Activity | Where a picture occurs in the data, omit it, and copy all remaining data exactly.

Information shown |
_ _ _ _ _ _ _
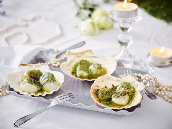 Dep de Sint-Jacobsoesters droog met wat keukenrol en leg er 3 per persoon in de schelpen.
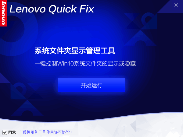 系统文件夹显示管理工具是联想推出的一款用于显示win10系统文件夹的小工具,这款工具简单好用,无需复杂的设置,可以很轻松的将音乐,视频,图片等系统文件夹显示在桌面;系统文件夹与普通的文件夹不一样,一般系统文件夹是无法被删除的,您可以删除里面的数据,但是不能将文件夹一起删除;系统文件夹一般有七个,分别是视频,下载,图片,音乐,文档,桌面,3D对象等;使用这款工具用户可以将需要经常使用的文件夹显示在桌面,让用户在使用这些文件夹的时候能够快速打开。
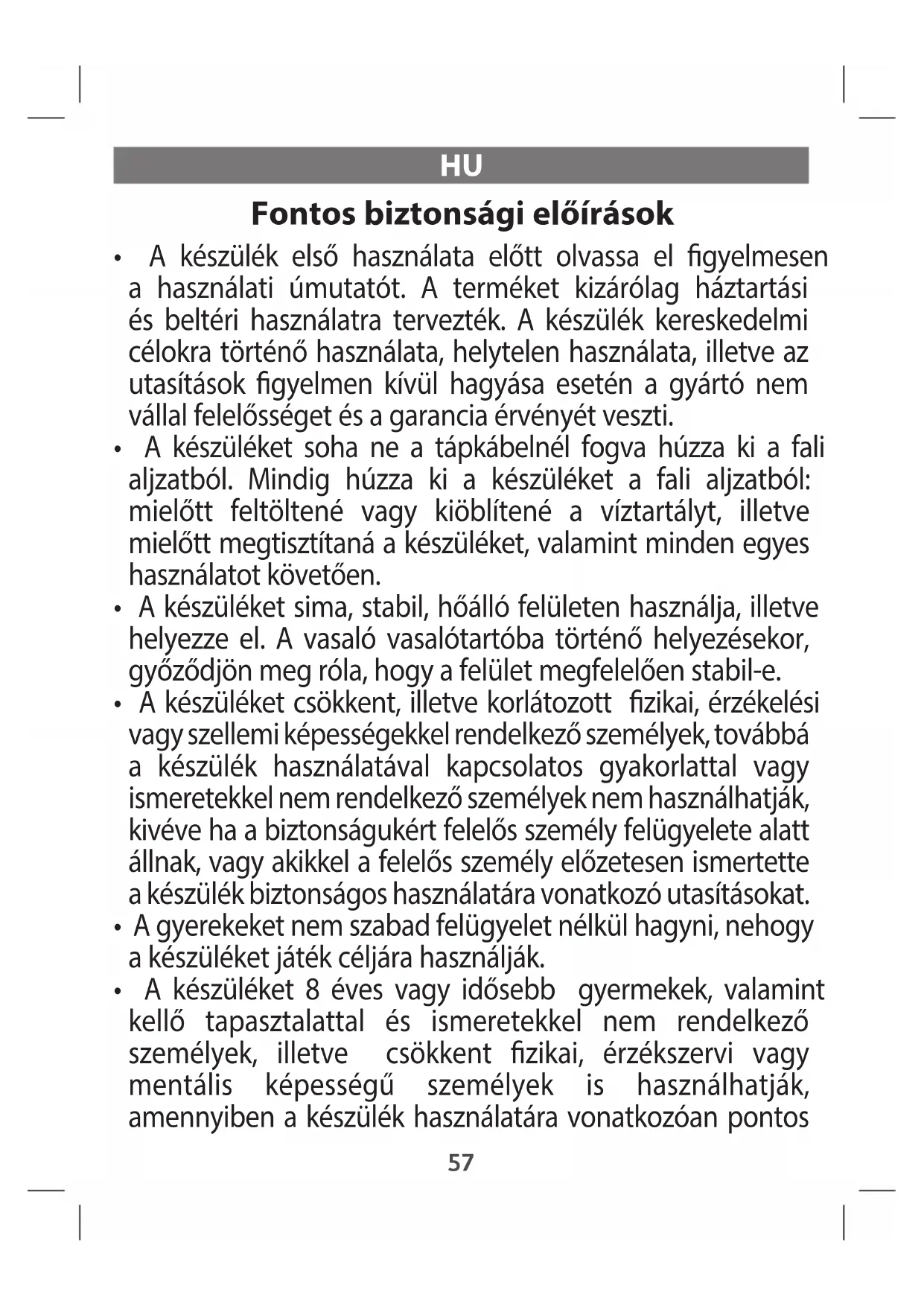 - A készüléket 8 éves vagy idősebb gyermekek, valamint kellő tapasztalattal és ismeretekkel nem rendelkező személyek, illetve csökkent zikai, érzékszervi vagy mentális képességű személyek is használhatják, amennyiben a készülék használatára vonatkozóan pontos 57útmutatást kaptak, felügyelet alatt állnak, és megértették az összes lehetséges kockázatot . Ne engedje, hogy a gyermekek játsszanak a készülékkel. A készülék tisztítását és felhasználói karbantartását gyermekek csak felügyelet mellett végezhetik. Az áram alatt lévő vagy lehűlő vasalót és annak vezetékét úgy tárolja, hogy azokhoz 8 évesnél atalabb gyermekek ne férhessenek hozzá.
_ _ _ _ _ _ _
Your response |
 Dep de Sint-Jacobsoesters droog met wat keukenrol en leg er 3 per persoon in de schelpen.
 系统文件夹显示管理工具是联想推出的一款用于显示win10系统文件夹的小工具,这款工具简单好用,无需复杂的设置,可以很轻松的将音乐,视频,图片等系统文件夹显示在桌面;系统文件夹与普通的文件夹不一样,一般系统文件夹是无法被删除的,您可以删除里面的数据,但是不能将文件夹一起删除;系统文件夹一般有七个,分别是视频,下载,图片,音乐,文档,桌面,3D对象等;使用这款工具用户可以将需要经常使用的文件夹显示在桌面,让用户在使用这些文件夹的时候能够快速打开。
 - A készüléket 8 éves vagy idősebb gyermekek, valamint kellő tapasztalattal és ismeretekkel nem rendelkező személyek, illetve csökkent zikai, érzékszervi vagy mentális képességű személyek is használhatják, amennyiben a készülék használatára vonatkozóan pontos 57útmutatást kaptak, felügyelet alatt állnak, és megértették az összes lehetséges kockázatot . Ne engedje, hogy a gyermekek játsszanak a készülékkel. A készülék tisztítását és felhasználói karbantartását gyermekek csak felügyelet mellett végezhetik. Az áram alatt lévő vagy lehűlő vasalót és annak vezetékét úgy tárolja, hogy azokhoz 8 évesnél atalabb gyermekek ne férhessenek hozzá.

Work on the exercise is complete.